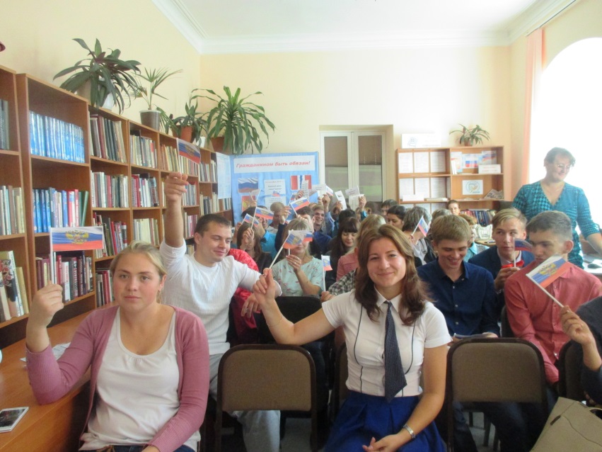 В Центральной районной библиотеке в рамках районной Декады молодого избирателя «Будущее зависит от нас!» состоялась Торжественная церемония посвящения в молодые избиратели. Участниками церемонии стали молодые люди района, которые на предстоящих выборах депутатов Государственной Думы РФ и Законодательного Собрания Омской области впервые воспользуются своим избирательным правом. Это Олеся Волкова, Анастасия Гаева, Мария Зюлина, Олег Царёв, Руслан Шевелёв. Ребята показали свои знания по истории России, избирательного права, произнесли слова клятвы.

------------

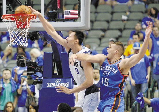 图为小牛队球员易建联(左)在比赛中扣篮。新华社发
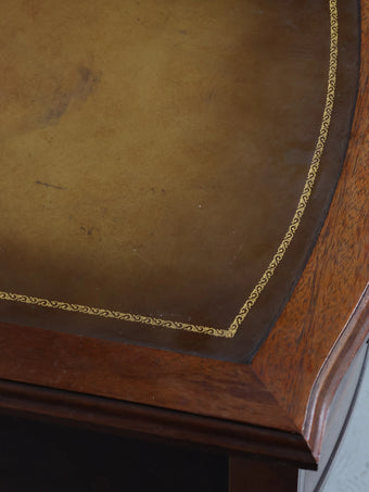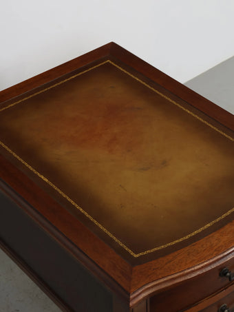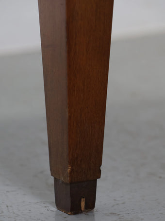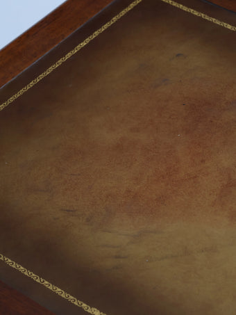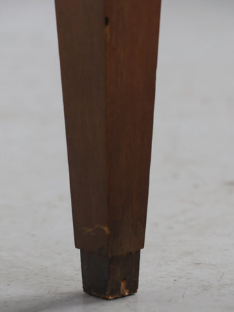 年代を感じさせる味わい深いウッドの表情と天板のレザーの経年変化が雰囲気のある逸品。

------------

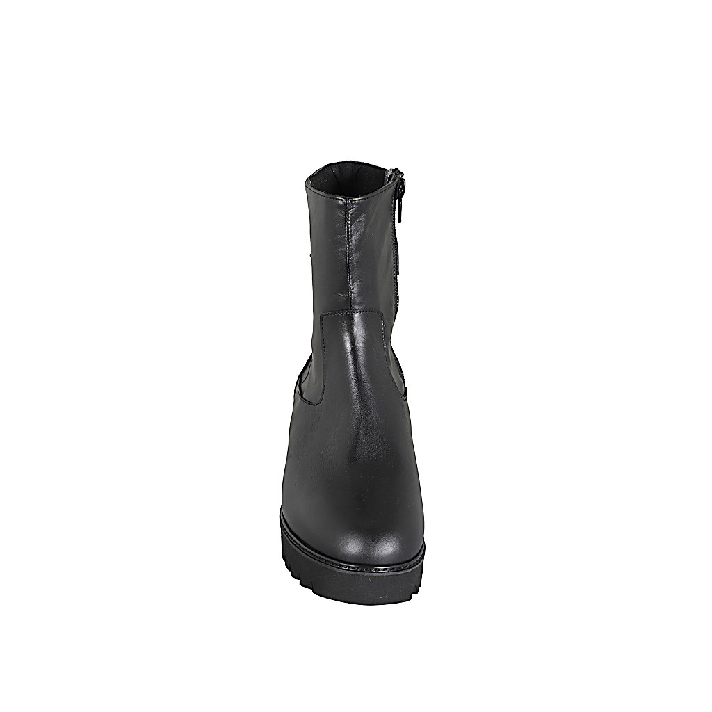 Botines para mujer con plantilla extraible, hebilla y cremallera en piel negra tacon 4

------------

## Exercise details:
Would you set down only the lines above from the line with "图为小牛队球员易建联(左)在比赛中扣篮。新华社发" to the line with "年代を感じさせる味わい深いウ", both included, exactly as they stand and without the pictures?

## Result for this exercise:
 图为小牛队球员易建联(左)在比赛中扣篮。新华社发
 年代を感じさせる味わい深いウッドの表情と天板のレザーの経年変化が雰囲気のある逸品。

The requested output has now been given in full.